• _SUPPLIED ENTRIES_

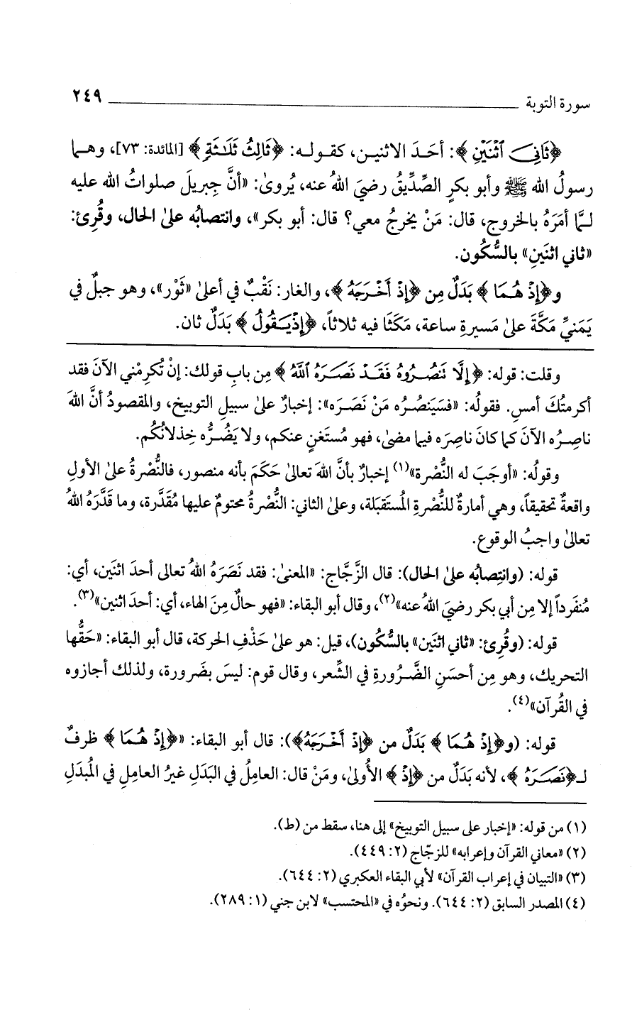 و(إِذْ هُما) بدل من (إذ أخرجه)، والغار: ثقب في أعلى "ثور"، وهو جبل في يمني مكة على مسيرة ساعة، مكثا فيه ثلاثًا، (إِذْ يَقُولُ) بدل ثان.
==
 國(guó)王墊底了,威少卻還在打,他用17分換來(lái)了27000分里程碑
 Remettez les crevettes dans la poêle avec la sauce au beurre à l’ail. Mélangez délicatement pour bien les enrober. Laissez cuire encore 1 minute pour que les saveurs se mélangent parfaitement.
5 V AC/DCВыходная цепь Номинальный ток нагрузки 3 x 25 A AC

• _HOW TO COMPLETE THIS TASK_
Copy out precisely the lines from the line with "Remettez les crevettes" to the line with "5 V AC/DCВыходная" in the material above, including those two lines and omitting all the rest.

• _ANSWER TO THE EXERCISE_
 Remettez les crevettes dans la poêle avec la sauce au beurre à l’ail. Mélangez délicatement pour bien les enrober. Laissez cuire encore 1 minute pour que les saveurs se mélangent parfaitement.
5 V AC/DCВыходная цепь Номинальный ток нагрузки 3 x 25 A AC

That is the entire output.